Note: CSRF check is not supported for this extension as it maintains compatability with older versions of ISE than 2.3. Leave that setting disabled to use this extension.
Once installed, simply click on the icon now present in your browser and a settings pane will come up. Fill out the settings for your ISE server, and click Save.
After saving, the extension will reload and build the context menus from your deployment's identity groups.
Select some text and right click to confirm the that the context menu exists with the expected groups in it.
To use, simply highlight a MAC address, right click and go to "Add to Identity Group.." and select the desired identity group. You also have the ability to perform CoAs with supported types being session rerun, port bounce, and port shutdown.
The context menu will appear only when text is selected. It should work on any webpage, tab, etc. as long as it is within the Chrome Browser. Even text files opened in Chrome will work.
The identity groups listed in the context menu are pulled from ISE when you open Chrome.
If you need to refresh the menu, you can click on the extension button and click save on the settings window. This will restart the extension, refreshing the menu. You can also restart Chrome entirely to refresh the list.
As of version 0.3, the extension supports handling of bulk endpoint move operations. This ultimately means that you can select a large blob of text (e.g. a page in the live logs) and it will ignore non-MAC address text. This is a very useful tool when performing bulk actions.

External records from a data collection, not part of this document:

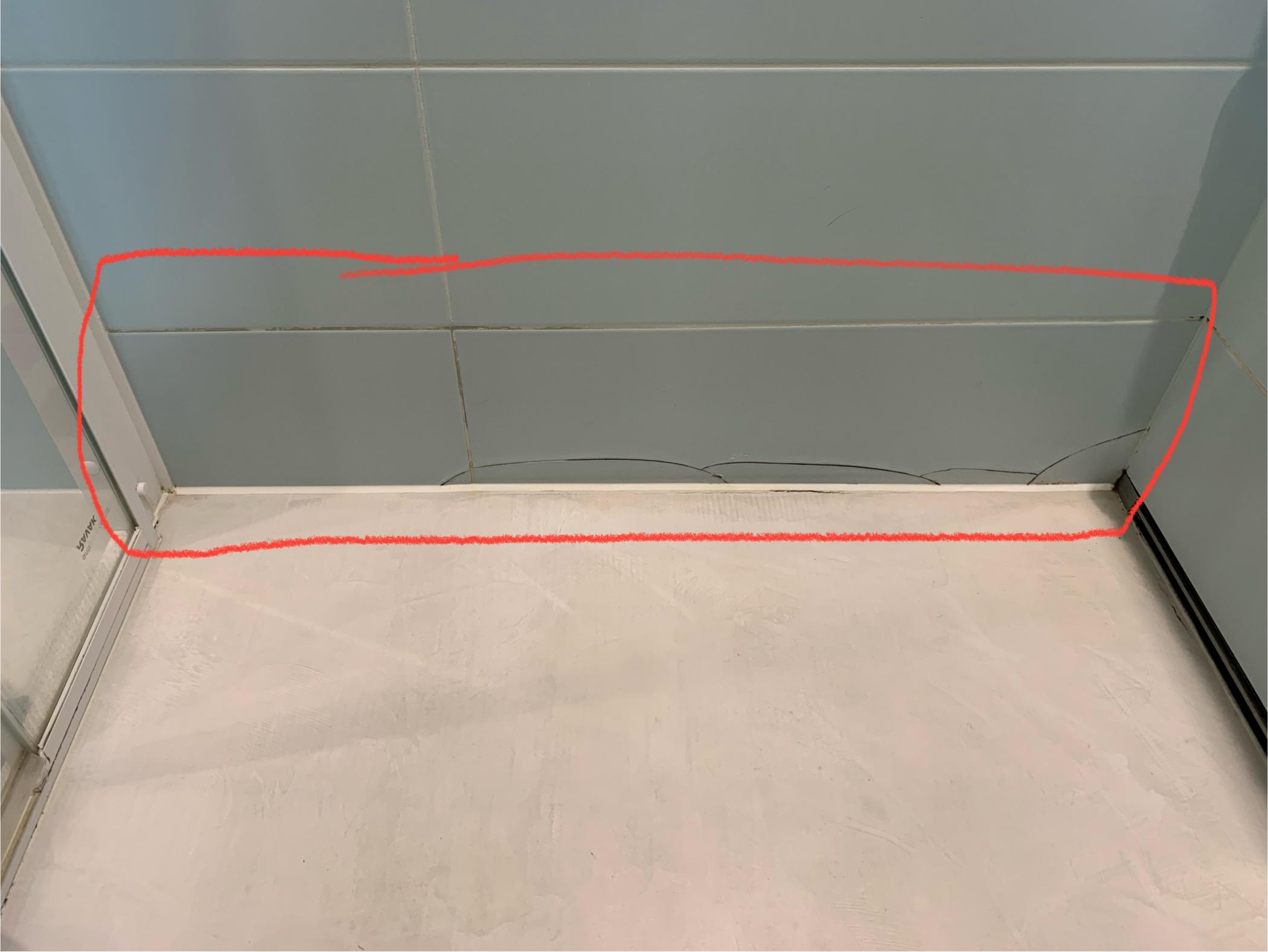 1) Kahe pragunenud seinaplaadi vahetus (plaadid olemas). Pildil märgitud punasega. Üks plaat tuleb tõenäoliselt pooleks lõigata duššikabiini seina koha pealt.
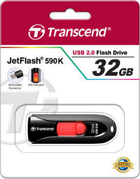 Η βολική JetFlash 590 USB Flash Drive χρησιμοποιεί μια ανασυρόμενη υποδοχή USB για την προστασία των δεδομένων σας κατά τη μεταφορά. Απλώς σύρετε το έγχρωμο ρυθμιστικό για να επεκτείνετε/ανασύρετε την υποδοχή USB 2.0 Hi-Speed.
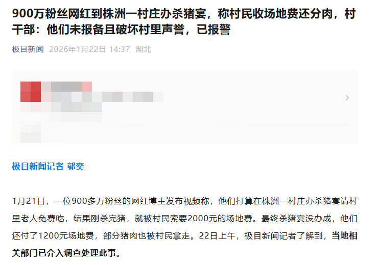 据极目新闻报道,21日,一位拥有900多万粉丝的网红博主发布了一段与另一位博主的共创视频。视频介绍,他们前往株洲一村庄体验杀猪宴,他们自费从村民手中买了一头400多斤的猪,邀请村里的留守老人免费吃杀猪宴。
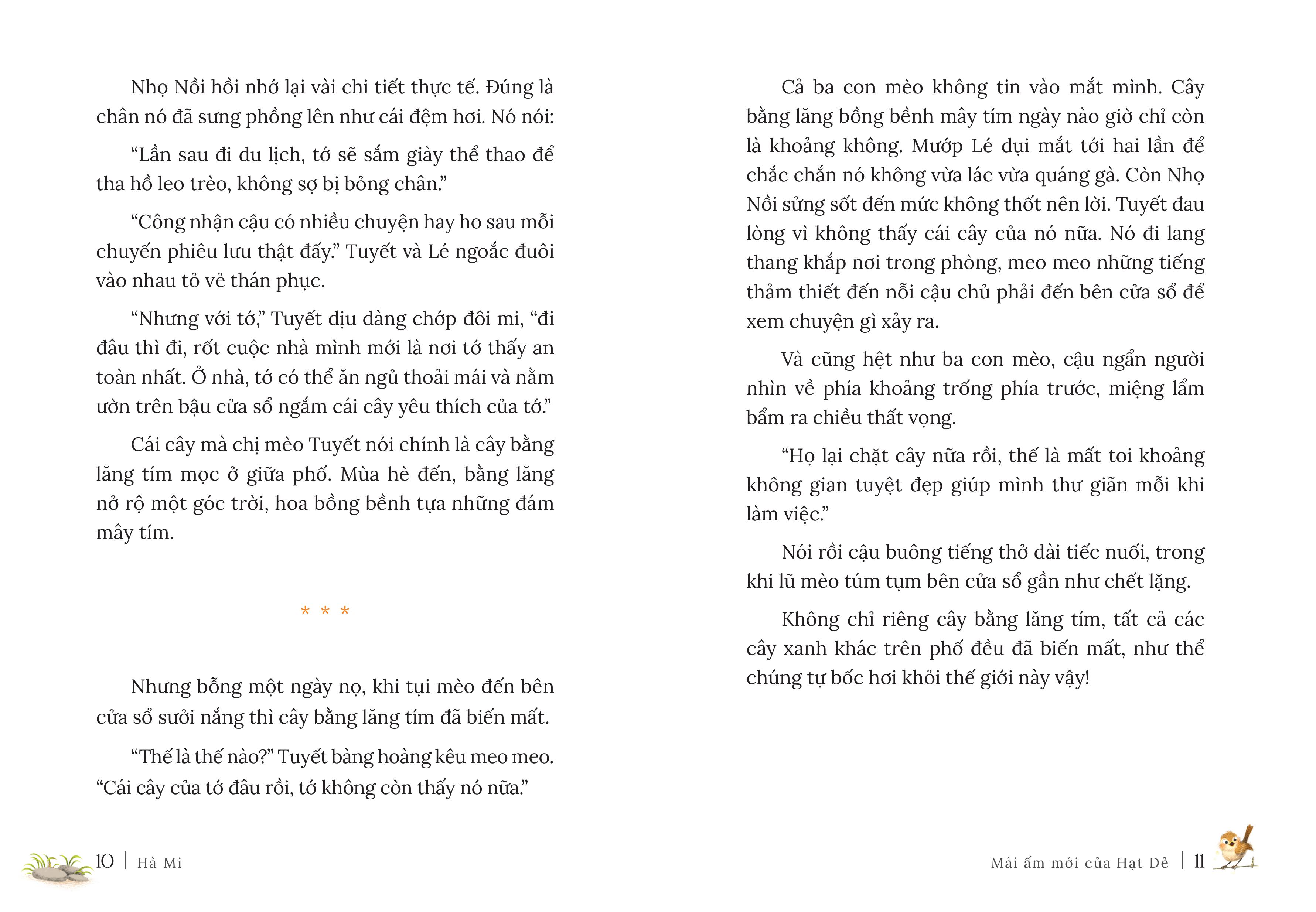 Cái cây, cũng là ngôi nhà êm ấm từ thuở lọt lòng của sóc đỏ Hạt Dẻ, bị chặt bỏ. Thế là chú lưu lạc trong thế giới con người, gia nhập Hội Tam Thể gồm ba con mèo Nhọ Nồi, Tuyết, Lé.
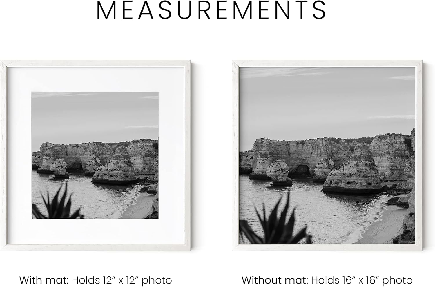 - SQUARE PICTURE FRAMES: Our 16 x 16 picture frame wood is meticulously constructed using natural oak wood, known for its timelessness and durability. The slim profile of the white frames 16x16 effortlessly blends into any interior decor, adding a contemporary touch. The clean lines and sleek design make the large square frame with mat a perfect choice for those seeking a stylish, understated display solution
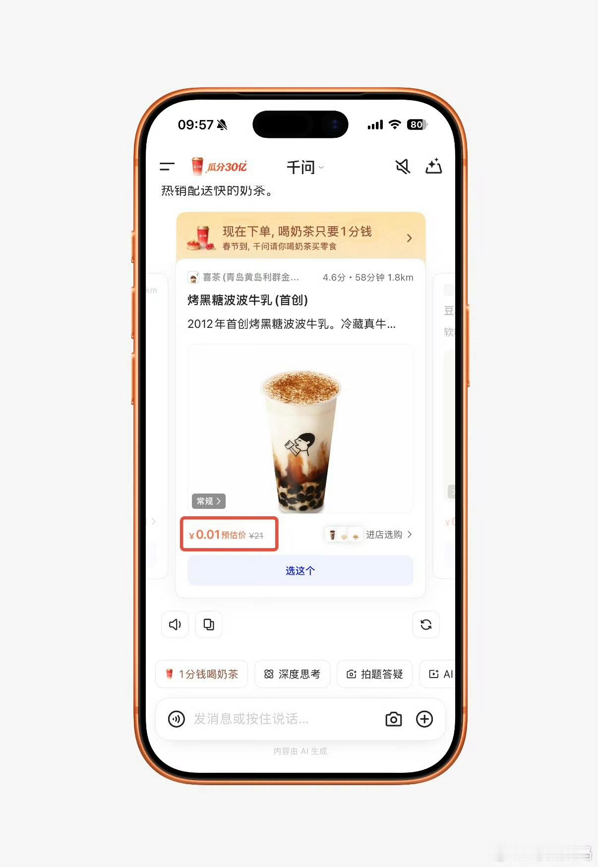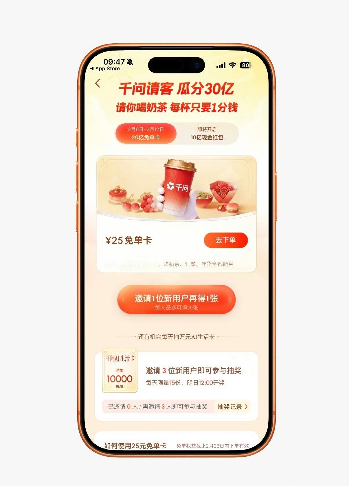 千问也搞活动啦,一分钱喝奶茶,你薅到没?
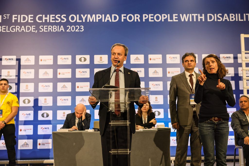 A milestone moment in chess history occurred on January 30, 2023, shortly after 3 p.m. CET, when the opening move of the first Olympiad for players with disabilities was played in the main hall of Belgrade’s Crowne Plaza hotel. “This is the beginning of a new era of inclusion in chess, as players with disabilities started their first ever paralympic event” said Thomas Luther, head of the FIDE Commission for players with disabilities,
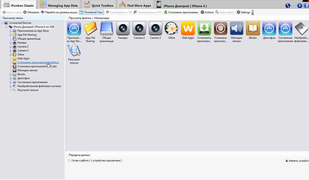 - Затем подключаем гаджет к рабочей станции, запускаем iFunBox и выбираем следующую последовательность: «Управление данными» — «Установка»;
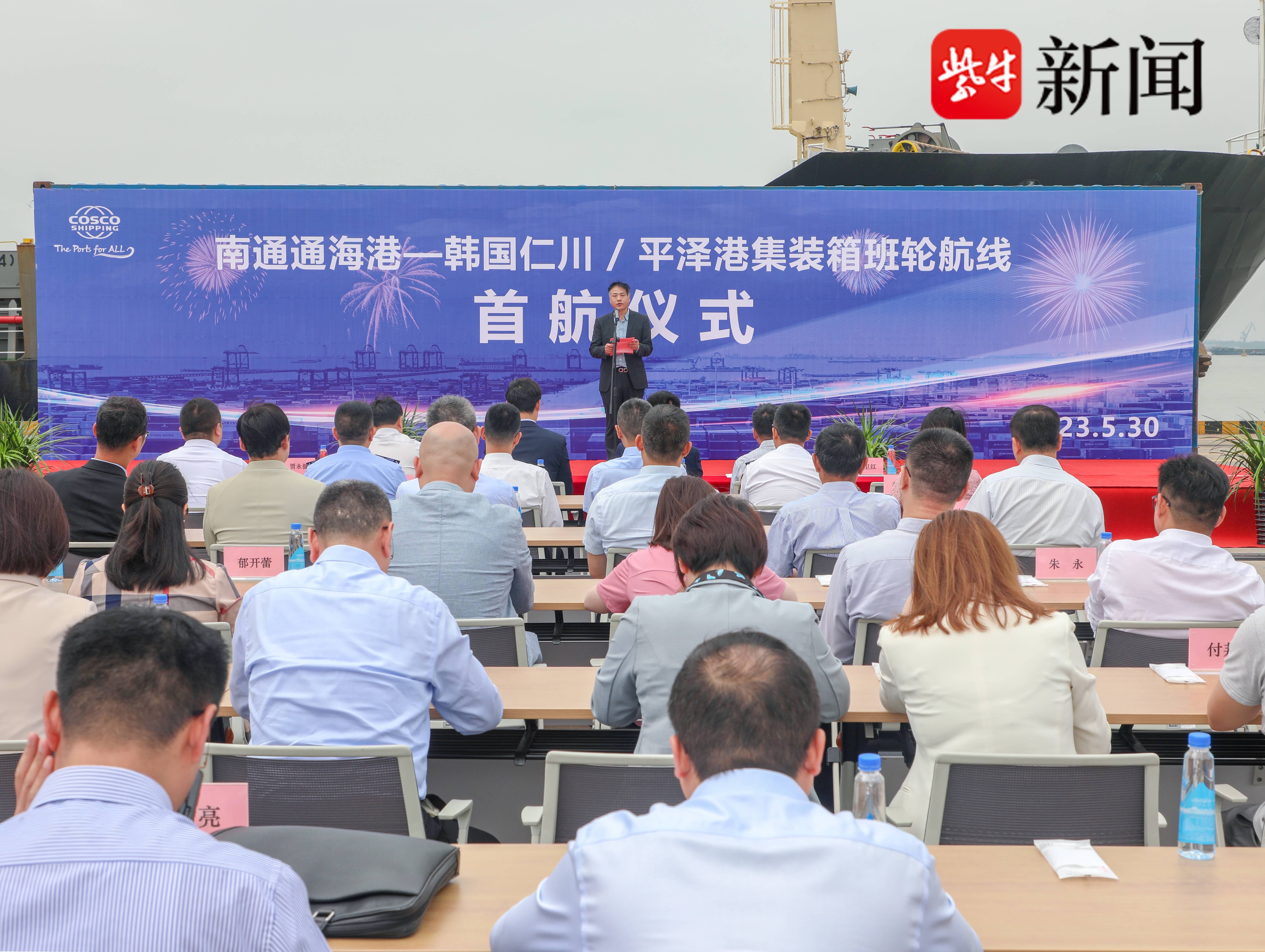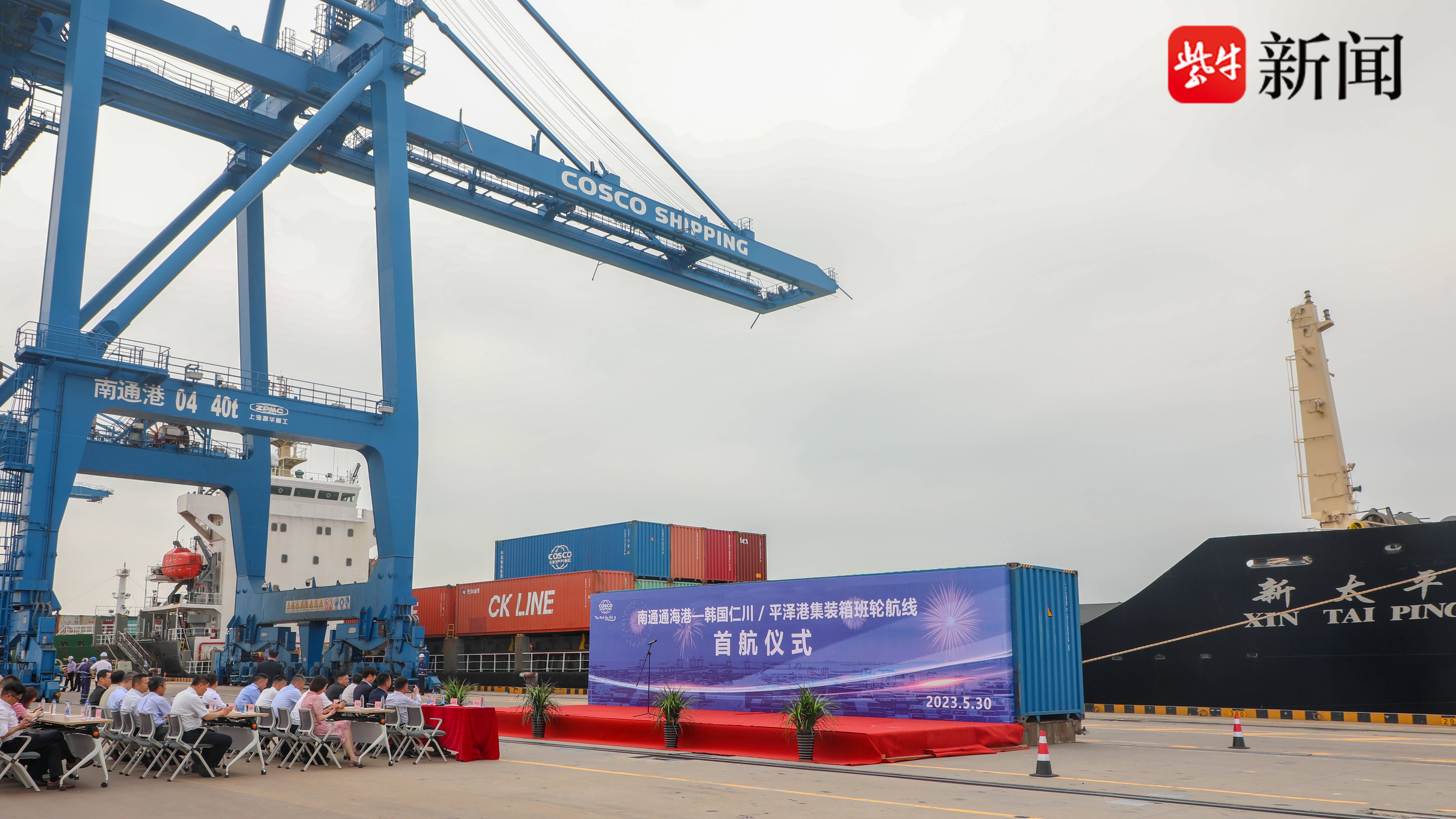 5月30日10时许,南通通海港—韩国仁川/平泽港集装箱班轮航线首航仪式在南通通海码头举行。随着最后一个集装箱装船成功,“新太平”轮缓缓驶离码头,标志着该港第4条日韩集装箱航线正式开通。
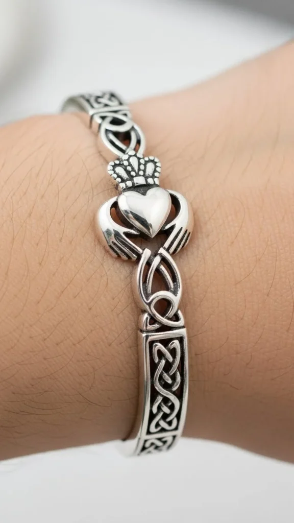 A Claddagh band repeats the classic heart, hands, and crown symbol around the wrist or forearm. This design works well when each symbol is small but clear. If you’re keeping things affordable, choose simple outlines without shading. A DIY idea is to print the Claddagh symbol at different sizes and wrap each version around your wrist. Pick the size that stays readable at a distance. Some people alternate the symbol with small knots to fill space evenly. This keeps the band from looking too repetitive. You can personalize the heart shape by choosing something more rounded or more pointed. If you want a cleaner finish, add thin top and bottom borders.
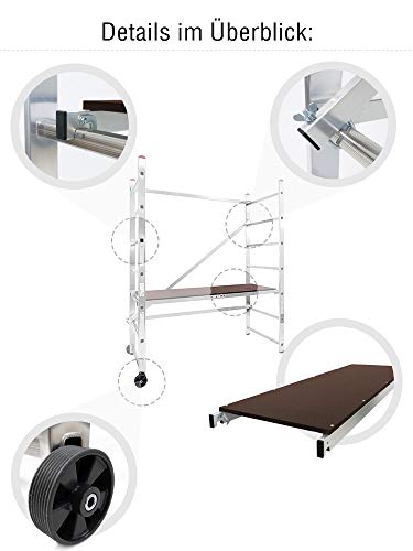 STRUKTURO fahrbares Arbeitsgerüst – Arbeitshöhe 3,00 m – Kleingerüst – Arbeitsgerüst mit Treppenverstellung, aus Aluminium, für innen und außen
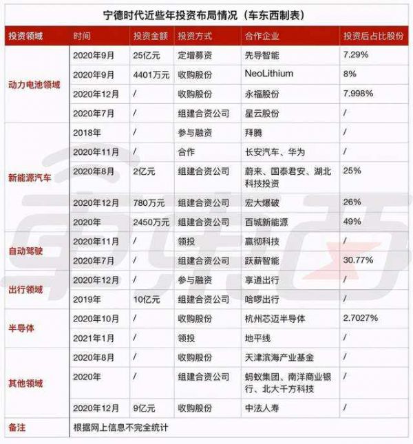 公开信息显示,宁德时代目前已经全方位切入到了出行领域,其投资领域除了动力电池之外,还包括新能源汽车、自动驾驶、充电桩等行业。
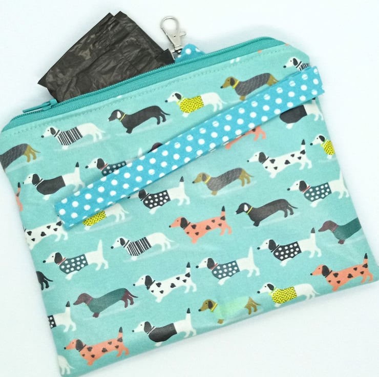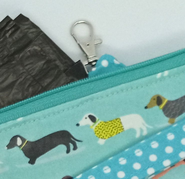 A 19 x 14 cm lined pouch in wipeable fabric to keep those little black bags handy on your daily walk. This will look so much better than having your pockets stuffed with poo bags. The lining is pale blue cotton with white spots.
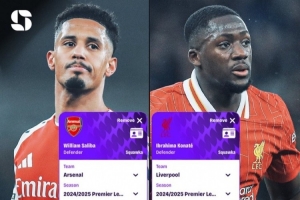 萨利巴(阿森纳):94.58%传球成功率,19.7次向前传球,1.9次抢断,62%争顶成功率,2.7次成功争顶,65.69%地面对抗成功率,3.5次解围,0.7次拦截,4.6次夺回球权
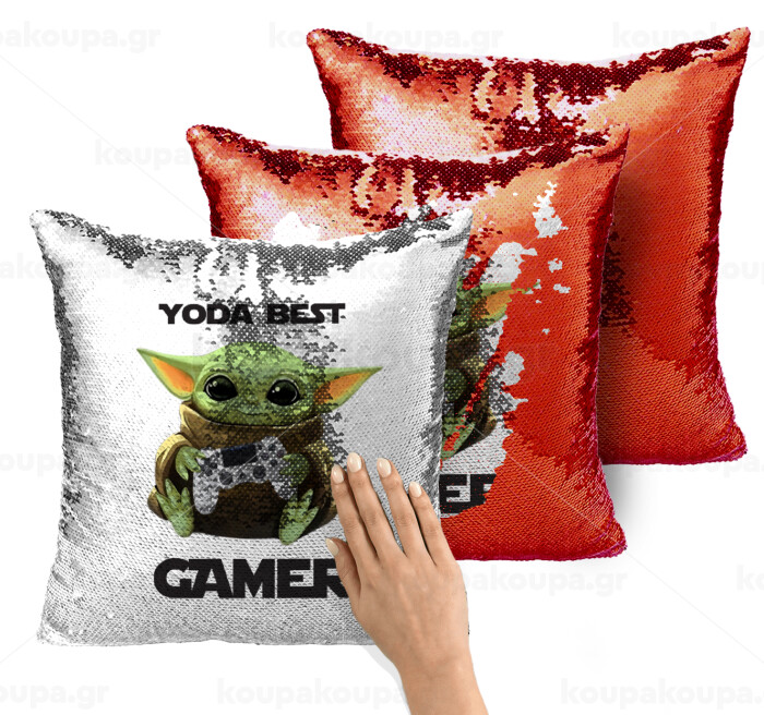 Yoda Best Gamer, Μαξιλάρι καναπέ Μαγικό Κόκκινο με πούλιες 40x40cm περιέχεται το γέμισμα
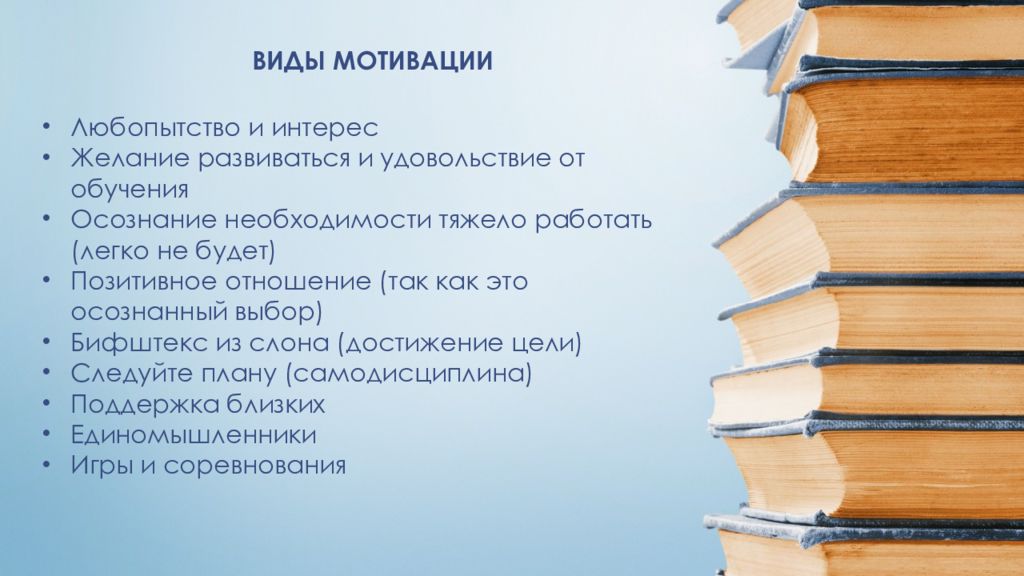 ВИДЫ МОТИВАЦИИ Любопытство и интерес Желание развиваться и удовольствие от обучения Осознание необходимости тяжело работать (легко не будет) Позитивное отношение (так как это осознанный выбор) Бифштекс из слона (достижение цели) Следуйте плану ( самодисциплина) Поддержка близких Единомышленники Игры и соревнования

Unfortunately, due to limitations of the BULK Operations function in the ISE ERS API, these are done as individual calls; however, since they run asynchronously, they are completed quickly. A progress bar will be displayed to give status of the bulk move.
I tested with up to 1096 endpoints in a single bulk move. The total operations took right at 10 minutes, and had 4 failures (0.36%) due to the server being "inaccessible" which may have been more of an overloading the API issue. At this time, no report of success vs failure is provided outside of a generic failure alert; however, this will likely be added in a future version.
You will receive an error if the text you selected is not a valid MAC address.
// all valid
AA11.BB22.CC33
aa11.bb22.cc33
AA-BB-CC-11-22-33
aa-bb-cc-11-22-33
AA:BB:CC:11:22:33
aa:bb:cc:11:22:33
// whitespace will be stripped automatically to help with accidental selections
aa:bb:cc:11:22:33
aabb.cc11.2233
Basically anything else.
While I create issues for enhancements, todos, etc, I want to add more functionality to this extension over time. Please open an issue for anything you'd like to see this extension do!
As of this commit, I have only tested this using:
- Windows 10
- macOS 10.13.6
- Google Chrome Version 67.0.3396.99
- Firefox Quantum 61.0.1 (64-bit)
- Cisco ISE 2.4
As this uses the Chrome Extension API, there should be no reason it doesn't work on other operating systems. Additionally, I don't believe there are significant API changes that would prevent this from working on any ISE 2.x version, I can't confirm it will work at this time.
I will update as I test on further systems.